SANTA CLARA.— Los vecinos de esta villa recibieron al Presidente Miguel Díaz-Canel Bermúdez como lo que es, uno de los suyos, durante las celebraciones por el aniversario 330 de la ciudad. Y lo quieren, unos de forma desbordada, otros de manera más íntima.
Díaz-Canel les correspondió. Su rostro, alegre como niño en cumpleaños, delataba lo que ya se sabe: que ama a esta ciudad y a su gente, a las que considera su casa, su familia, sus vecinos. Su ciudad, esa que —según dice— cada día «es más santa y más clara». Los de aquí lo vieron nacer, crecer, estudiar, enamorarse, fiestear, trabajar, entregarse a ellos. Si no se quiere el barrio y la patria chica, no se puede amar un país. Y él está dando muestras más que sobradas de ambas pasiones.
Santa Clara fue fundada el 15 de julio de 1689 por 18 familias de la vecina San Juan de los Remedios que llegaron a estos lares tierra adentro buscando resguardo y nuevo camino. Precisamente por el lugar que —cuenta la historia— se ofició la misa fundacional, la colinilla de El Carmen, comenzaron los festejos del pueblo santaclareño junto al mandatario cubano.
Despuntaba la mañana, cuando el mandatario llegó a la explanada de la iglesia de El Carmen, donde monseñor Arturo González Amador, obispo de la diócesis de Santa Clara, bendijo la villa.
El representante eclesiástico dio antes la bienvenida a Díaz-Canel y a su esposa, que lo acompañó en la visita, y a las autoridades locales, encabezadas por los primeros secretarios del Partido en la provincia y el municipio, y los presidentes de las asambleas provincial y municipal del Poder Popular. También participaron Alpidio Alonso Grau, ministro de Cultura, y Luis Morlote Rivas, presidente de la Uneac.

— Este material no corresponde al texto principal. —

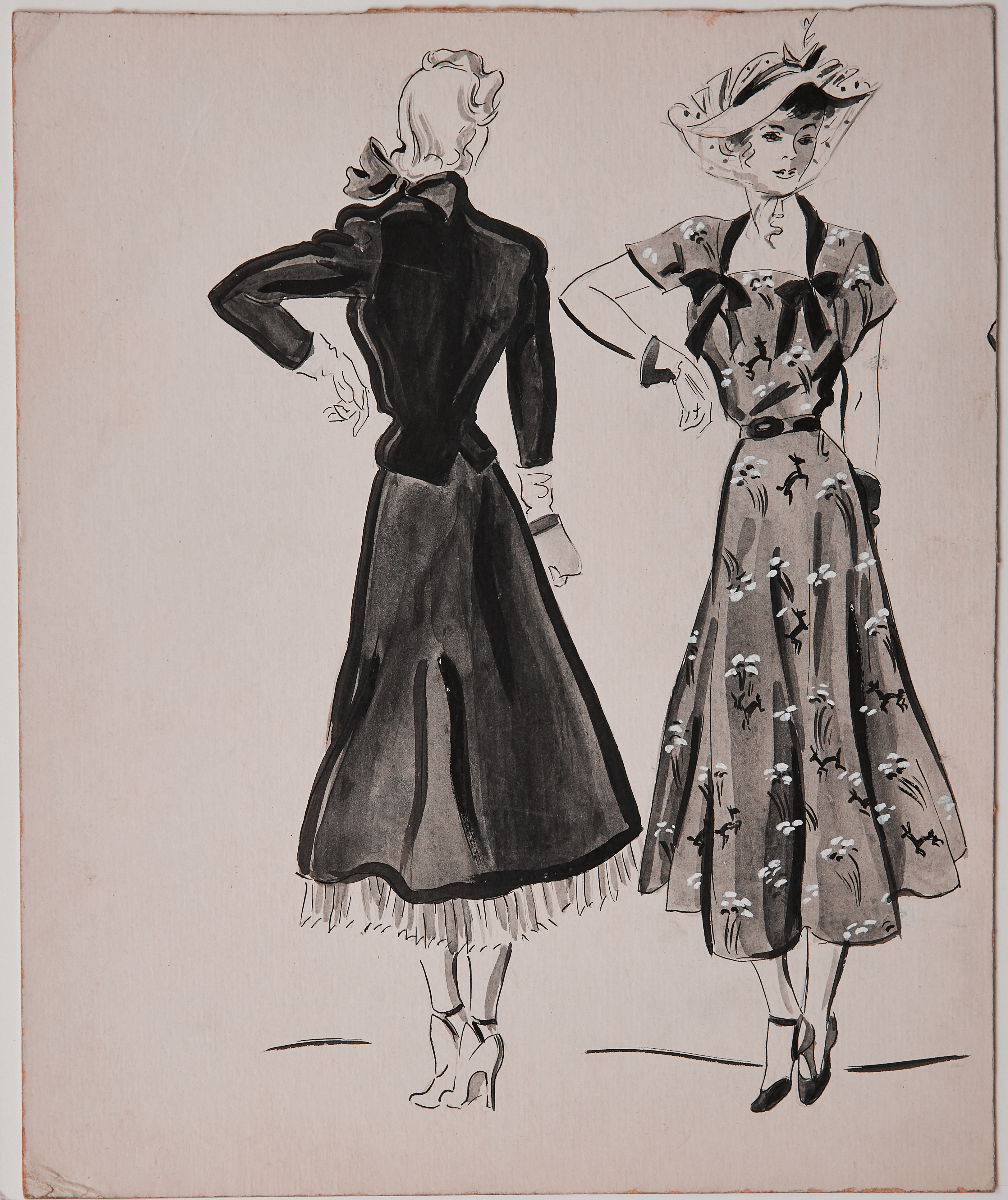 Emphasizing techniques essential to creating two-dimensional fashion design renderings, this course develops skills related to drawing the fashion figure, illustrating original design ideas through various media, rendering textiles and developing technical drawings. Often physical pieces from the Lasell Fashion Collection are brought into the classroom, where students have the opportunity to draw actual artifacts from specific periods in time. The Lasell Fashion Collection also provides fashion illustrations and advertisements from both the 19th and 20th centuries to use as reference.

En el parque El Carmen también está ubicado el memorial dedicado al secular acto iniciático de la villa, con sus columnas de mármol en las que están grabados los nombres de las familias fundadoras, que ahora son representadas por los presidentes de los consejos populares de la ciudad.
Como es tradición, los líderes barriales dieron las vueltas rituales correspondientes al joven árbol de tamarindo que recuerda al otro, al añoso de 1689 que dio sombra y brisa a quienes celebraron la misa precursora.